Simulation of coarse-grained ionic liquid models at the electrode-electrolyte interface

In the last few decades ionic liquids (ILs) have gained significant attention due to their unique physical and chemical properties. ILs are good candidates for battery electrolytes application due to low volatility, moderate reactivity, low flammability, and a wide liquid range than most organic solvents, thus imposing safer and higher-energy storage systems. Systems of ILs have been extensively studied experimentally and computationally. For instance, the most used all-atom molecular dynamics (MD) method delivers atomic-level details of IL systems for use in vast technical applications. MD method can handle systems of small length and time scale, and coarse-grained (CG) simulation techniques may be used to extend all-atom computational simulations up to a mesoscale level. The present work is focused on studying CG ILs behavior at electrode-electrolyte interface. Selected ILs were confined between ideal graphite electrodes and their density profiles were calculated for various potentials.
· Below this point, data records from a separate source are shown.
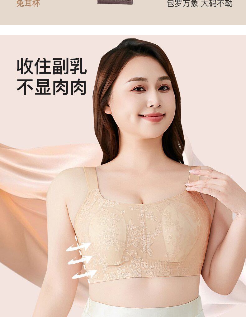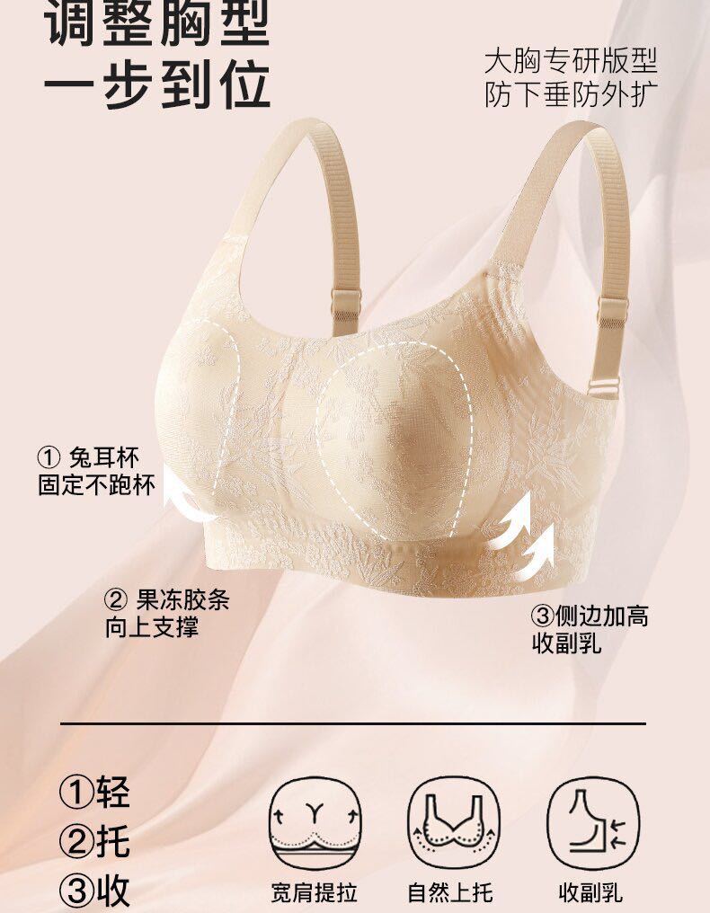 大码收副乳软支撑调整型文胸 前扣提拉聚拢防下垂矫正驼背文胸 反重力无痕外扩深 v 软支撑内衣 大胸显小防下垂收副乳薄款文胸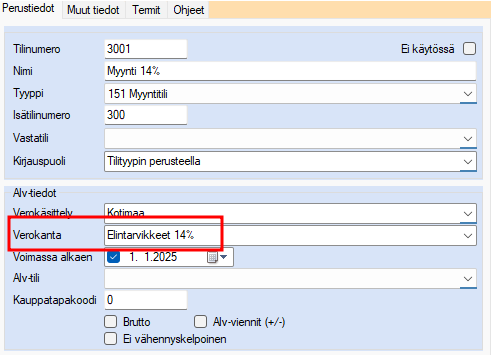 - Avaa Tilikartta ja muokkaa tilille uusi verokanta
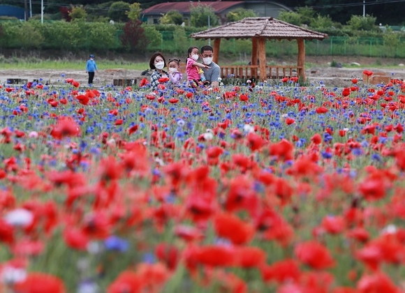 비가 그친 17일 경남 함양군 상림공원에서 한 가족이 활짝 핀 양귀비꽃을 감상하고 있다. (사진=함양군 제공)

Results of this research agree with the reference all-atom MD simulations. Implementation of CG models allowed to increase a size of the system by an order of magnitude when compared to the reference all-atom approach allowing more realistic representation of the ILs at electrode-electrolyte interfaces. Research results represented in this work open opportunities to advance our knowledge in liquid-state storage systems with modified electrodes structure for high power capacity battery development.